Another major change to our employment law is on the way via a new section 188B to be added to the Labour Relations Act.
At present, all employees have recourse to the CCMA (or a bargaining council or private arbitration) and the Labour Court if they are dismissed and feel that the reason behind it or the procedure followed was not fair.
New section 188B will effectively strip employees earning above a certain amount – still to be determined by the Minister of Labour – of the right to challenge the fairness of their dismissals in the vast majority of cases. Provided the employer gives the employee three months’ written notice of his or her dismissal (or longer if required by their employment contract) or pays out the equivalent salary instead of notice, and the dismissal is not for an automatically unfair reason, the dismissal will be regarded by the law as fair (regardless of what the actual circumstances might be).
A dismissal is automatically unfair if it is motivated by reasons such as:
- Retaliation for exercising a legal right from the LRA, including participation in a lawful strike, or for whistle-blowing;
- Arbitrary grounds such as the employee’s race, gender, religion, age, ethnicity, sexual orientation or identity, pregnancy and so on;
unless it can be justified due to an essential requirement of the employee’s job or a normal or agreed retirement age.
Once the amendment has been signed into law, the exclusion will apply to all new employment contracts entered into (where the earnings exceed the threshold). Two years later it will also apply to all pre-existing employment contracts.

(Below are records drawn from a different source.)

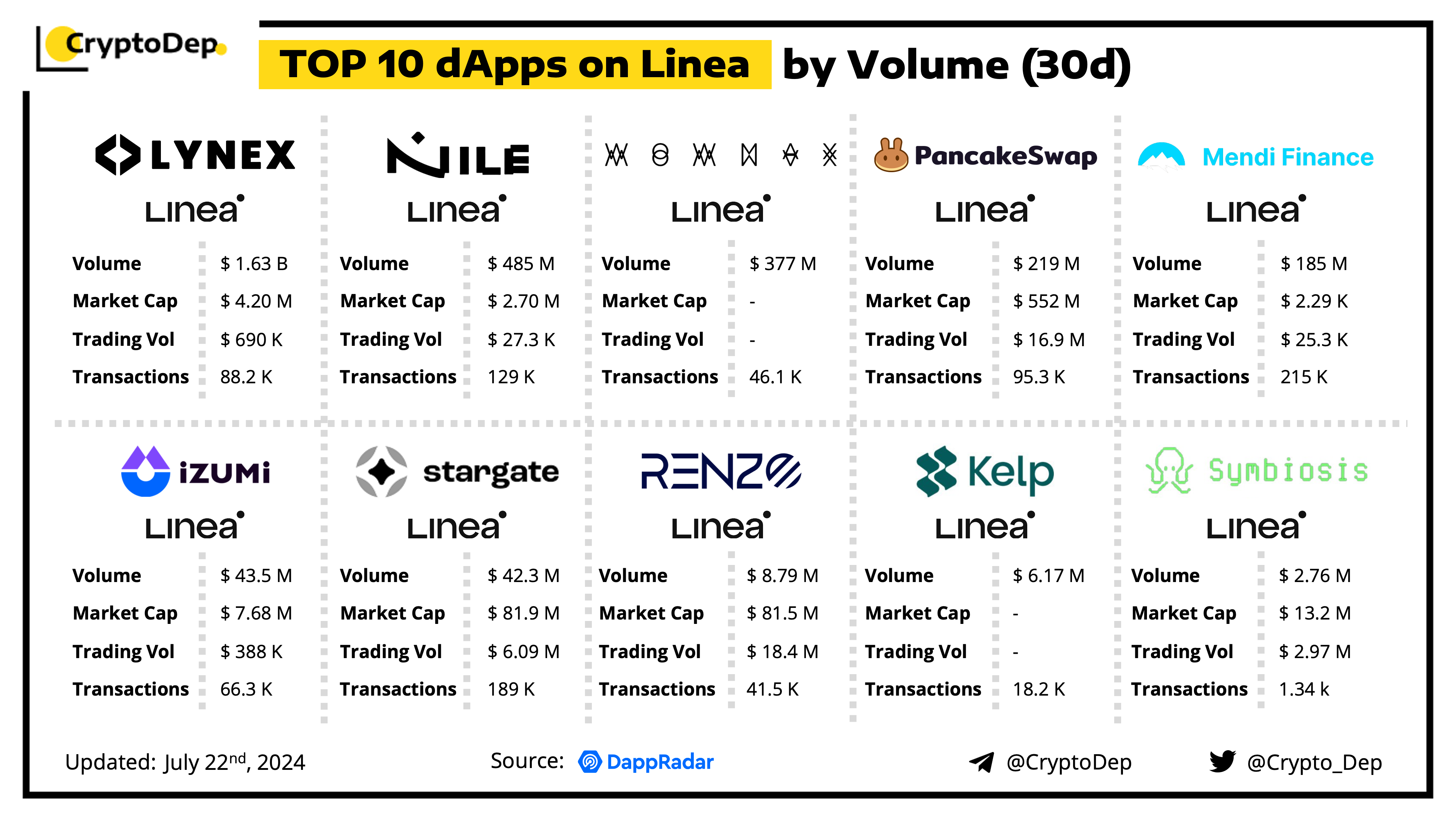 A decentralized application (dApp) is a program built on blockchain that combines a smart contract and a front-end user interface. We present the top dApps on #Linea by volume in the last 30 days, according to the data from DappRadar.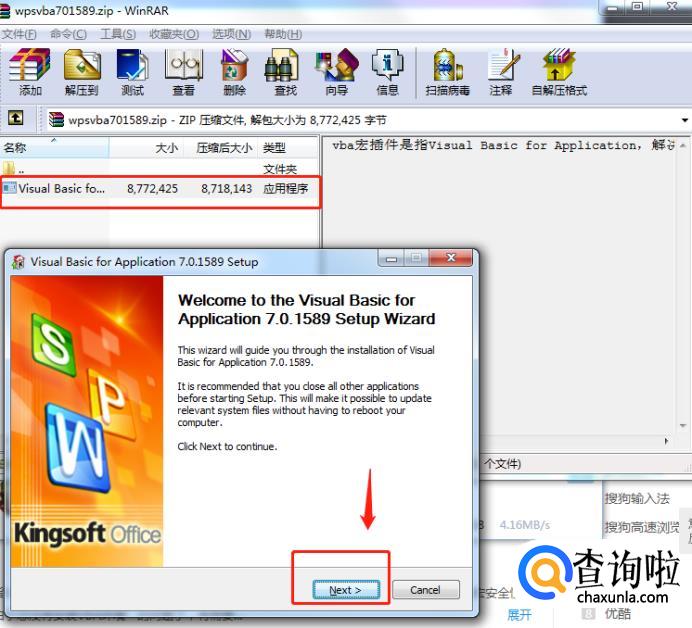 双击VBA应用程序,将会自动弹出VBA安装页面,点击【Next】。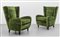 DUE POLTRONE, anni '50. Strutture e gambe in legno, imbottiture rivestite In...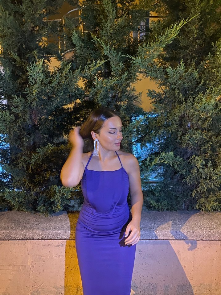 Mor renkli, drapeli ve ince askılı uzun abiye elbise, vücuda oturan kesimi ile dikkat çekiyor. Gösterişli ve cesur parti kombinlerine uygun. 1-2 saat nişanda giymiştim dolabımı boşalttığım için satışta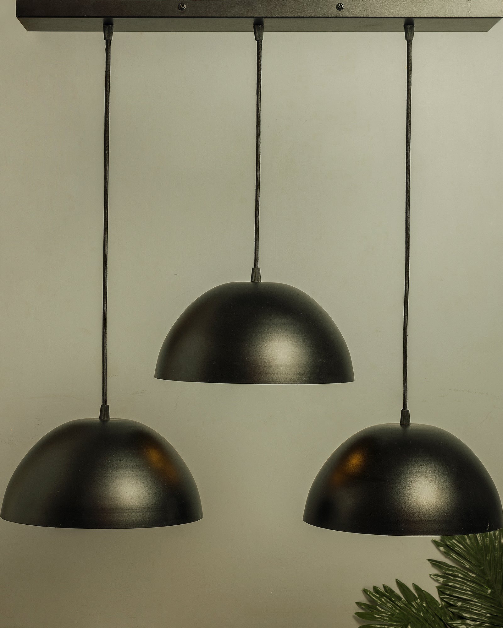 - CLASSIC DESIGN: Illuminate your dining room or living room with this striking cluster pendant features three graduated half globe shaped lights suspended from a round plate on black-finished rods artfully displayed at different heights.

Employees who lose their rights of recourse due to this amendment will still have the option of enforcing any contractual obligations of the employer through the civil courts. They will have to show that the employer has acted unlawfully with reference to their agreement, rather than unfairly. Affected employees will be well-advised to participate actively in the negotiation and drafting of their employment contracts, in order to retain their rights to the greatest extent possible.
It remains to be seen where the threshold will be set. Until there is clarity in this regard, it is a matter of grave concern that many employees may be stripped of protections which they have come to regard as their basic right. When setting the threshold, the Minister will be required to consult NEDLAC and to consider the extent to which those employees “by reason of their earnings level, level of skill or position” have the bargaining power to ensure that their contracts of employment protect them adequately against unfair dismissal.